Amazon stats, keywords [amazon aws s3 cloudfront ec2]
 	found on 212141 sites (21.21% of all sites)
 	63721 unique domains with 556712 requests (0.92% of total)
 	TTL mean 1915.7, std 23415.0, median 60.0, min 0.0, max 604800.0

Google stats, keywords [google doubleclick gstatic android.com 2mdn.net cc-dt.com gvt1.com gvt2.com urchin.com youtube-nocookie.com youtube.com youtubeeducation.com ytimg.com g.co goo.gl]
 	found on 774336 sites (77.43% of all sites)
 	64080 unique domains with 7481962 requests (12.30% of total)
 	TTL mean 10866.0, std 49164.7, median 194.0, min 0.0, max 604800.0

Facebook stats, keywords [facebook fbcdn]
	found on 237392 sites (23.74% of all sites)
	689 unique domains with 938144 requests (1.54% of total)
	TTL mean 941.8, std 1340.5, median 99.0, min 0.0, max 172817.0

Akamai stats, keywords [akamai edgesuite edgekey srip akadns]
	found on 338606 sites (33.86% of all sites)
	23220 unique domains with 1565730 requests (2.57% of total)
	TTL mean 3195.5, std 7329.4, median 20.0, min 0.0, max 604800.0

Cloudflare stats, keywords [cloudflare]
 	found on 110607 sites (11.06% of all sites)
 	6050 unique domains with 137647 requests (0.23% of total)
 	TTL mean 165.9, std 353.2, median 165.0, min 0.0, max 86400.0

Big players all over the place.
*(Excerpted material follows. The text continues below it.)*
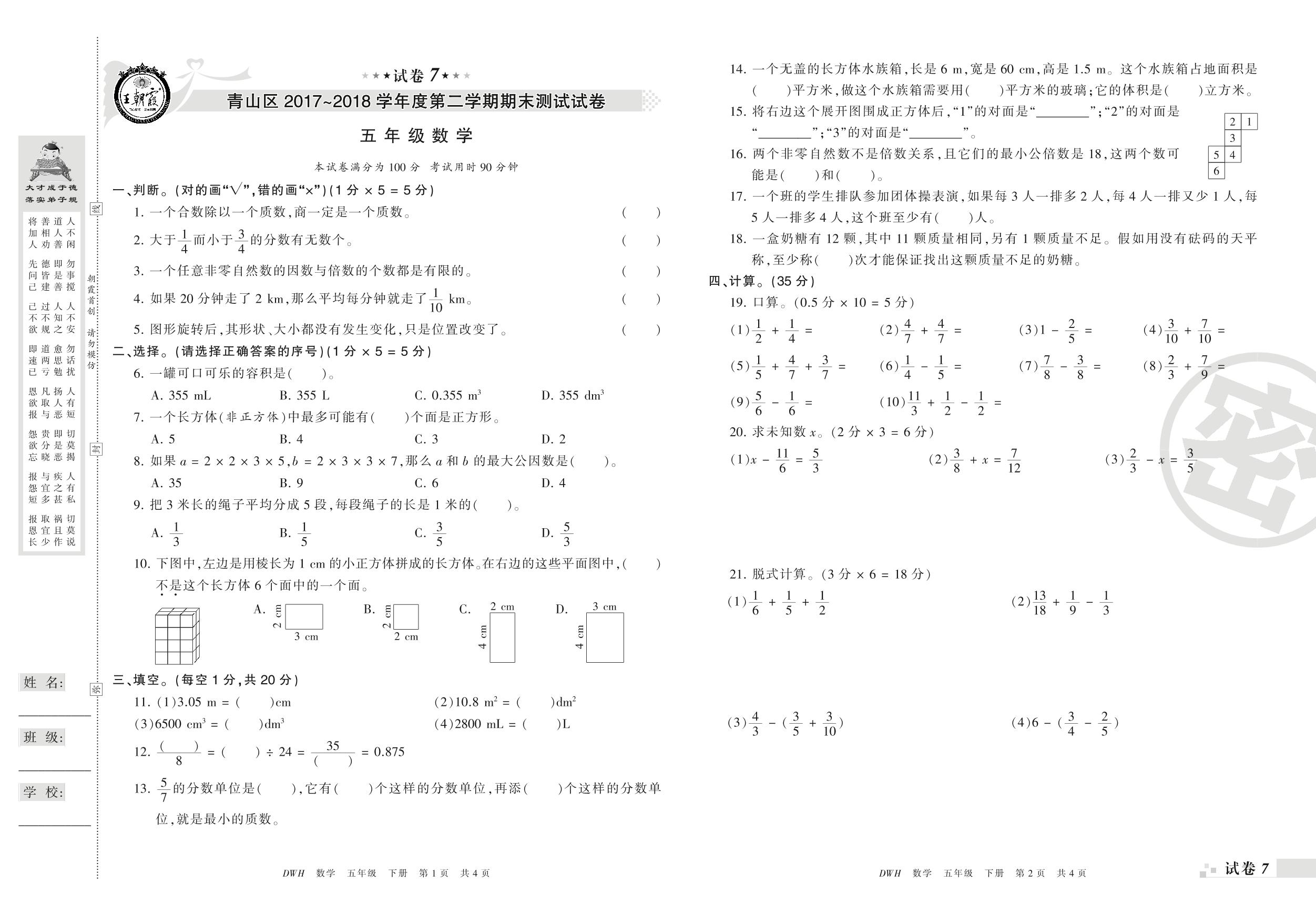 2017-2018学年第二学期武汉市青山区五年级数学试卷(人教版)【7】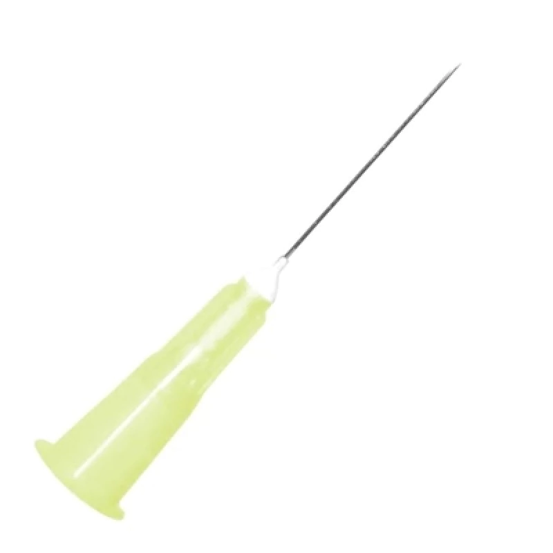 Agulha descartável estéril embalada unitariamente, acondicionadas em caixas secundárias com 100 unidades.

Cloudflare is actually bigger than it looks. If we look at the IP-addresses returned when resolving domains and we compare it to the reported IP-addresses of Cloudflare at the time, we find that 64,388 of primary sites (6.44% of all sites) uses Cloudflare directly, and at least one domain on a site uses Cloudflare at 258,082 sites (25.81% of all sites). Fun times.

Wrapping up

The stats was generated using the dnsstats tool at github.com/pylls/defector/cmd/dnsstats. You can find links to the data in our prior post that documents the collection process.